Information provided: Begin

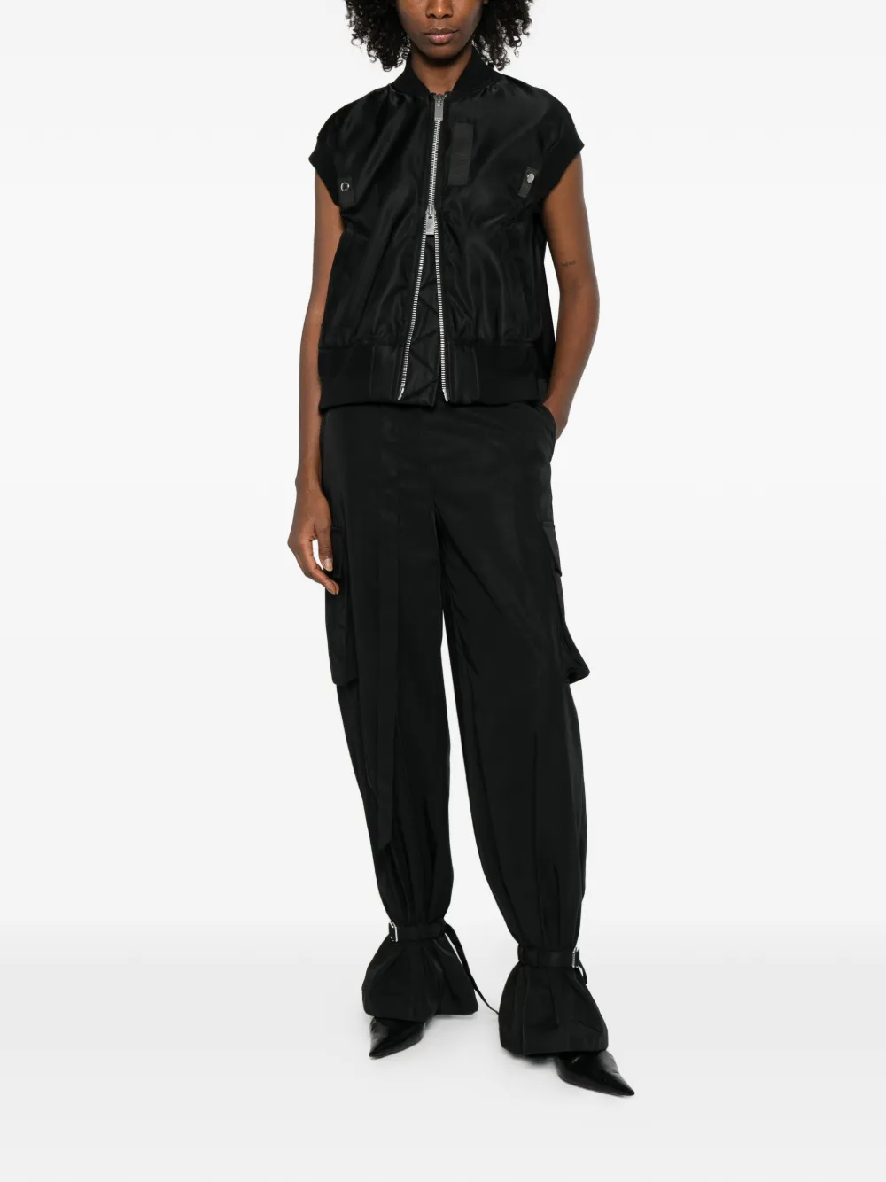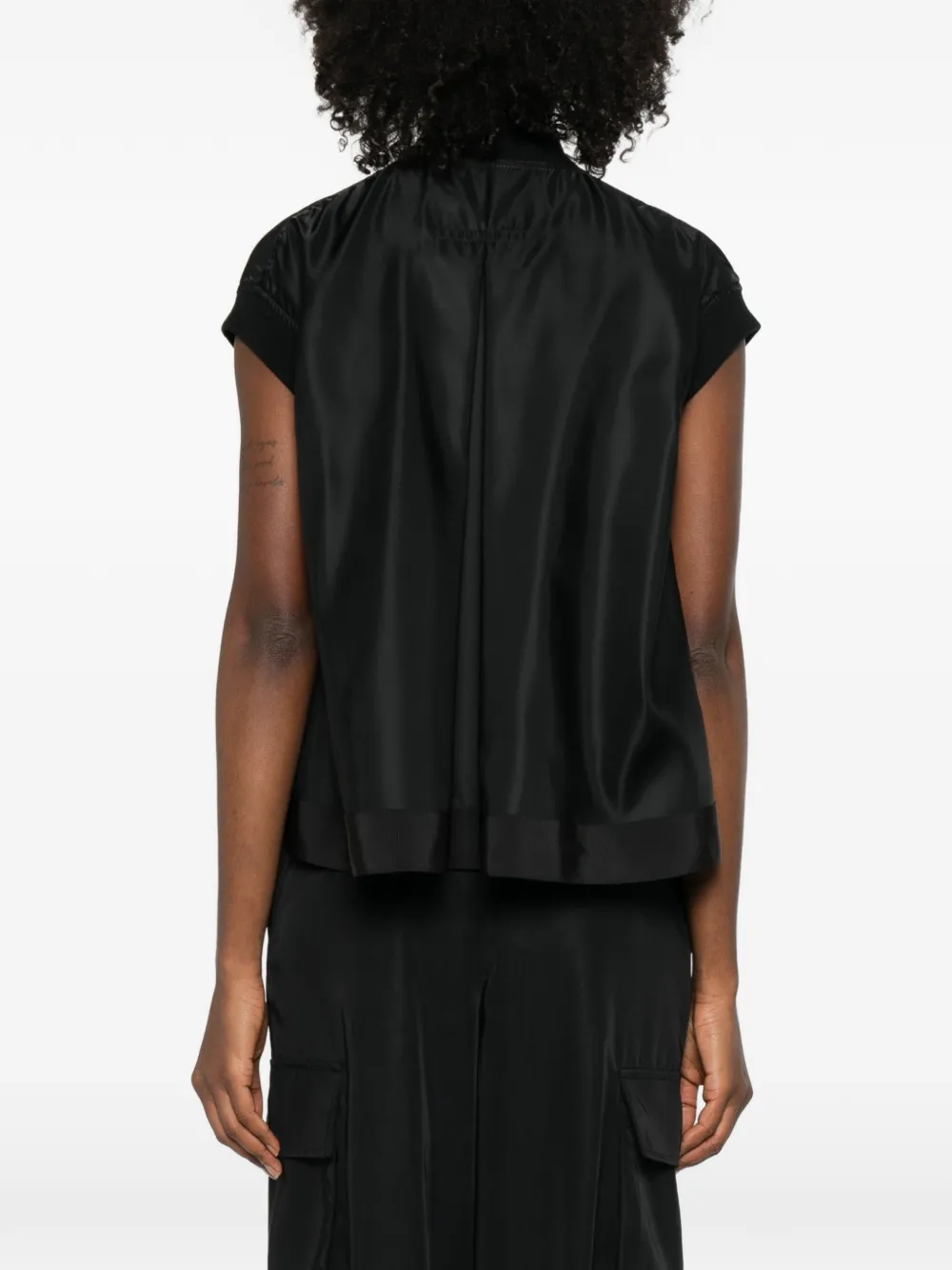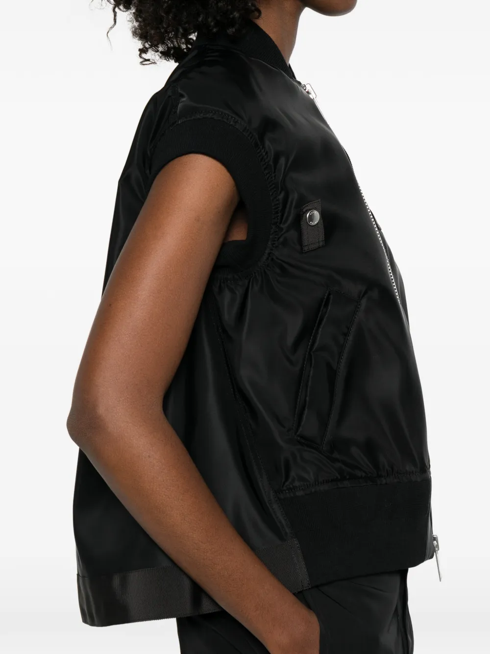 Черная бейсбольная куртка с застежкой-молнией, стойкой-воротником, короткими рукавами и прорезными карманами
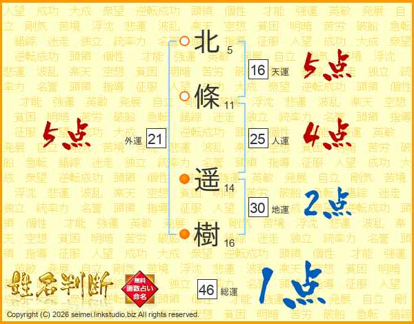 北條遥樹さんの総運は46画の1点!
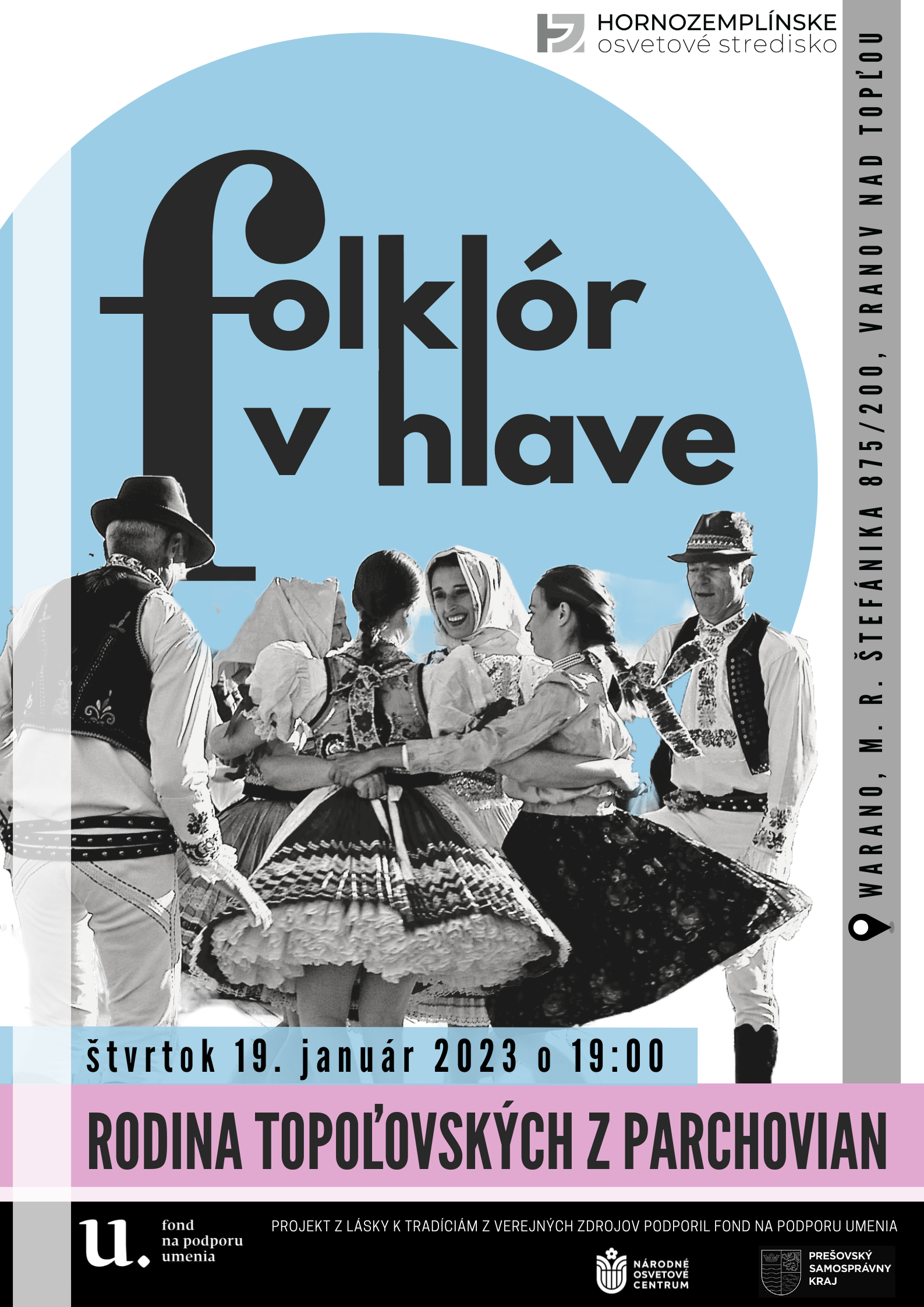 Folklór v hlave má za cieľ popularizovať TĽK a predstaviť bližšie jeho výrazné osobnosti širokej verejnosti. Rozhovory s osobnosťami sú prepojené ich kultúrno-umeleckými vystúpeniami a projekciou. V roku 2023 plánujeme 3 podujatia. Ako prvá sa nám predstaví rodina Topoľovských.
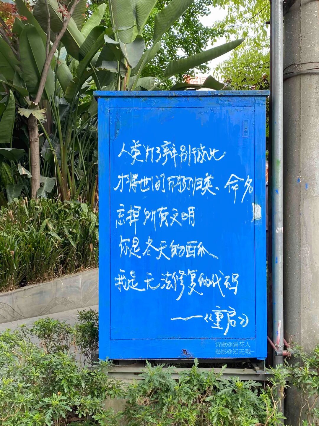 书是最便宜的旅行,旅行是最深情的阅读。读书和旅行,真的一个都不能少。微博上有个博主@隔花人 发起并创作了一个诗歌实验,以生活中随意拍到的照片——诗歌载体,进行二次诗歌创作,走到哪写到哪,想到什么写什么。一面墙,一辆车,一棵树都可以成为诗歌的容器或载体。尽管不能真的写上去,但相信世界上总有一个角落,放得下诗歌的自由。
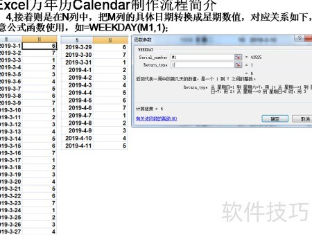 4、 在N列中,将M列的日期转换为对应的星期数值,使用公式=WEEKDAY(M1,1),注意函数参数设置,确保返回结果符合星期对应规则。
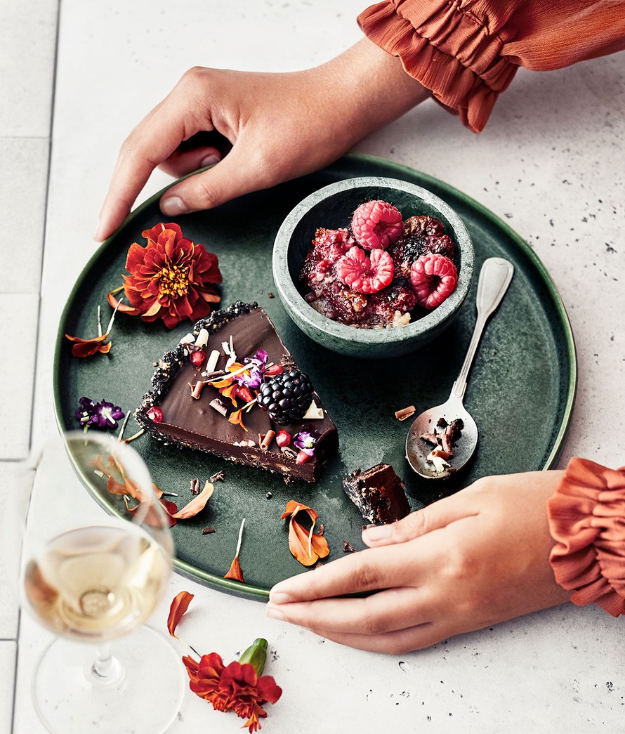 Täyteläisen suklaaganachepiiraan maku saa lämpöä ripauksesta kanelia, kardemummaa ja chiliä. Jo pieni pala riittää tyydyttämään suklaanhimon.
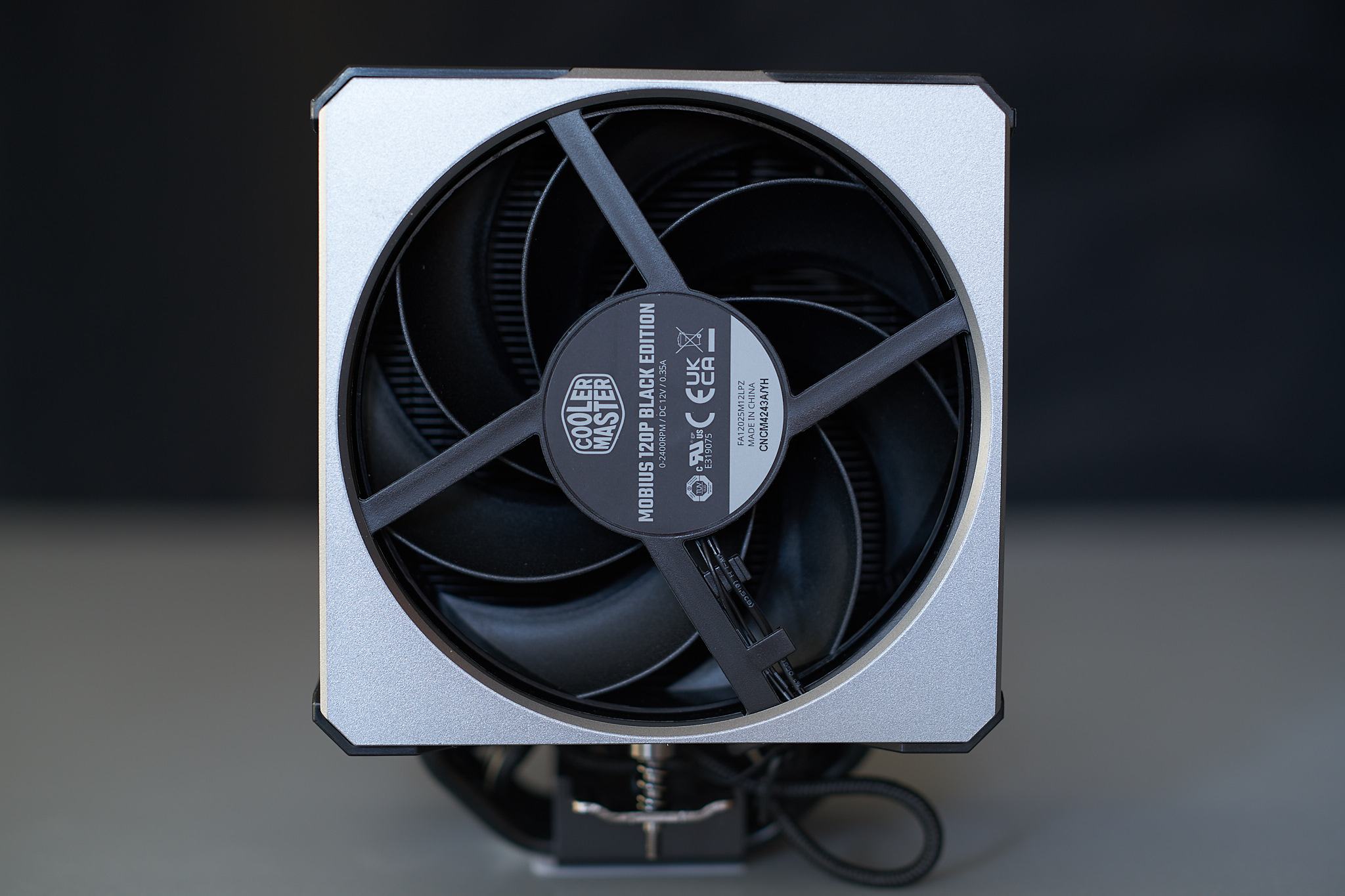 Da Cooler Master die Mobius 120P Lüfter, mit abgesehen von der LED-Beleuchtung identischen Spezifikationen, auch als ARGB-Variante anbietet, habe ich nach Abschluss aller Messungen die schwarzen Lüfter durch die beleuchteten Pendants ersetzt, um zu sehen, wie der Kühler als ARGB-Variante wirken könnte. Mit der sonst minimalistischen Optik des Kühlers ergibt sich meiner Meinung nach ein stimmiges Gesamtbild.

Information provided: End

The task >>
Every line from the one with "北條遥樹さんの総運は46画の1点!" through the one with "Täyteläisen suklaaganachepiiraan maku" is to be reproduced exactly as written above, and the pictures are to be dropped.

Finished exercise >>
 北條遥樹さんの総運は46画の1点!
 Folklór v hlave má za cieľ popularizovať TĽK a predstaviť bližšie jeho výrazné osobnosti širokej verejnosti. Rozhovory s osobnosťami sú prepojené ich kultúrno-umeleckými vystúpeniami a projekciou. V roku 2023 plánujeme 3 podujatia. Ako prvá sa nám predstaví rodina Topoľovských.
 书是最便宜的旅行,旅行是最深情的阅读。读书和旅行,真的一个都不能少。微博上有个博主@隔花人 发起并创作了一个诗歌实验,以生活中随意拍到的照片——诗歌载体,进行二次诗歌创作,走到哪写到哪,想到什么写什么。一面墙,一辆车,一棵树都可以成为诗歌的容器或载体。尽管不能真的写上去,但相信世界上总有一个角落,放得下诗歌的自由。
 4、 在N列中,将M列的日期转换为对应的星期数值,使用公式=WEEKDAY(M1,1),注意函数参数设置,确保返回结果符合星期对应规则。
 Täyteläisen suklaaganachepiiraan maku saa lämpöä ripauksesta kanelia, kardemummaa ja chiliä. Jo pieni pala riittää tyydyttämään suklaanhimon.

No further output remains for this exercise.